Je sais qu’en écrivant cette chronique,je risque de déclencher la polémique. Je sais parfaitement qu’il y a des sujets tabous dans le secteur aéronautique. Ce secteur n’est d’ailleurs pas le seul à pratiquer le déni .Alors, je me jette à l’eau.

J’écrivais au lendemain de la remise du premier A 400M à l’Armée de l’Air française que les 8 pays qui ont commandé l’avion (Belgique, France, Allemagne, Luxembourg, Espagne, Turquie, Royaume-Uni et Malaisie) pouvaient éprouver un légitime sentiment de fierté à l’égard de cet A 400M. Je remarquais que le nouvel appareil avec ses ailes hautes et ses 4 turbopropulseurs équipés d’hélices géantes était impressionnant. Rien à voir avec le vieux Transall qu’il remplace. Je mettais aussi le doigt sur les performances exceptionnelles de la nouvelle machine qui vole
à plus de 700 km à l’heure et qui peut emmener une charge de 30 tonnes sur 4500 km.

Reste que l’avion n’est commandé qu’à 174 exemplaires. « A cet instant le programme de 20 milliards d’euros investis n’est pas rentable », regrettait Marwan Lahoud, le patron de la stratégie d’EADS. Celui-ci estime le potentiel de l’avion à l’export à 400 exemplaires. Les vendeurs de l’A400M rendront bientôt visite aux armées du Golfe et à celles d’Asie-Pacifique. Même dans les pays que l’on dit moins touchés par la crise, il ne sera pas facile de vendre un avion qui doit coûter autour de 135 millions d’euros l’unité.
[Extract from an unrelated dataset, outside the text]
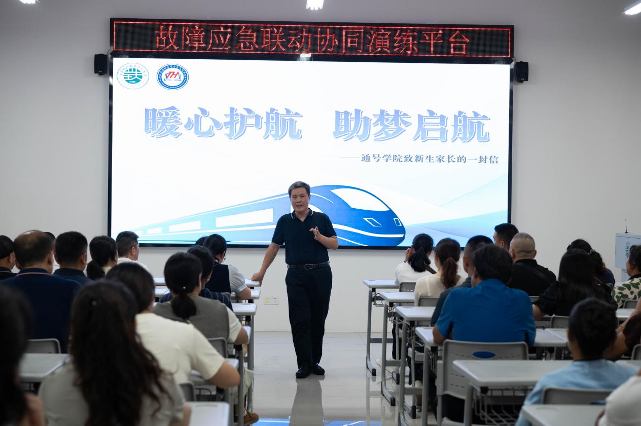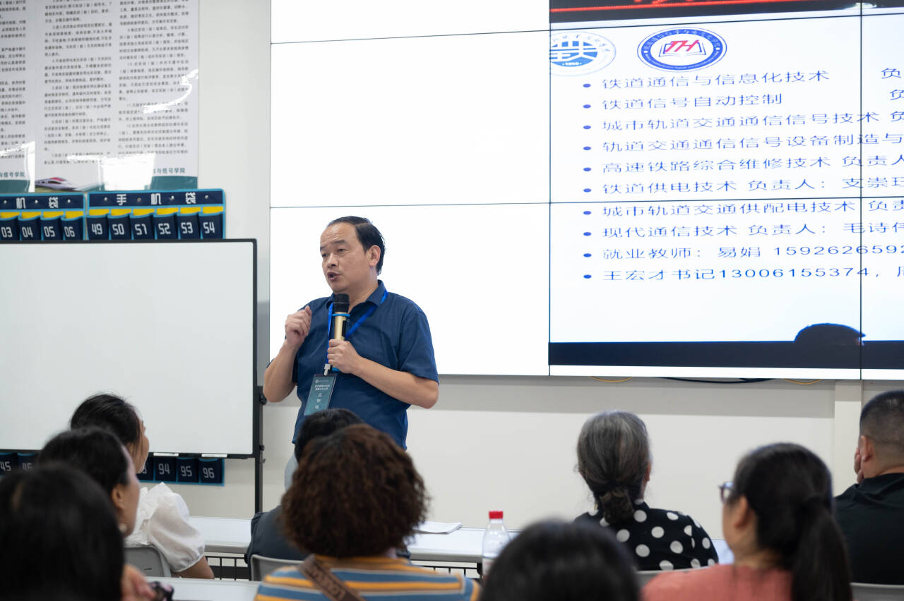 见面会伊始,朱志红院长代表学院全体师生,对远道而来的各位家长表示热烈欢迎和衷心感谢。他以学院办学历史为切入点,系统梳理了学院在多年发展中形成的专业特色与核心优势,从师资队伍的专业构成、教学科研成果的积累,到人才培养质量的稳步提升,全方位展现了学院的综合实力。朱院长重点聚焦铁道通信信号、电气化铁道技术两大核心专业,详细解读了课程设置逻辑——既涵盖扎实的理论基础课程,又包含丰富的实践实训内容,确保学生能“学懂、弄通、会用”;同时,他结合铁路行业发展趋势,介绍了专业对应的就业前景,从就业岗位类型、行业薪资水平到职业发展空间,让家长们清晰了解孩子未来的职业路径。朱院长强调,学院始终坚守立德树人根本任务,未来将通过家校密切配合,为学生营造“在校有专业指导、在家有关怀陪伴”的双重成长环境,助力学生实现学业进步与职业发展的双重突破。

Et puis l’A 400M est extrêmement complexe. On se souvient encore des retards pris pour la mise au point du logiciel régulant les 11 000 chevaux développés par chacun des turbopropulseurs. Il possède des capacités de vol à basse altitude sans visibilité extérieure grâce à un suivi de terrain sur fichier numérique. Pour utiliser pleinement ses capacités, il faut former des pilotes et des navigateurs. La base 123 d’Orléans a d’ailleurs prévu une école pour aguerrir les spécialistes.

Et là on ne peut s’empêcher de penser au syndrome Rafale. L’A 400M est polyvalent comme l’est le Rafale. Il est cher comme le Rafale et lui aussi nécessite des compétences pour le faire voler. Le ministre de la Défense, Jean-Yves Le Drian, nous disait qu’il n’y aura pas de concurrence pour l’Airbus militaire avant 10 ans. C’est possible mais il ne faut pas oublier que Lockeed Martin continue de vendre des C 130 à des pays émergents à des prix cassés. Le C 130 a 50 ans, il est donc amorti depuis longtemps et continue d’occuper le marché grâce à quelques modernisations à la marge. L ‘Inde vient d’ailleurs d’en commander 6 exemplaires.

Et puis le commerce des armes est l’un des plus dépendants de la conjoncture. Officiellement, Dassault doit vendre 126 Rafale à l’Inde. Le contrat devait être finalisé d’ici la fin de l’année. Ce sera désormais pour le début 2014 car l’homme qui menait les négociations du coté indien est décédé. Et voilà que la roupie a perdu 25 % de sa valeur, sans que quiconque ait vu le phénomène arriver et tous ces éléments changent la donne !

Alors, si les mêmes causes produisent le mêmes effets, j’ai bien peur que l’A 400 M reste pour longtemps le compteur bloqué à 174 exemplaires. Et je ne parle pas même pas des éventuelles annulations qui pourraient venir des 8 clients qui ont permis de lancer ce très beau programme européen !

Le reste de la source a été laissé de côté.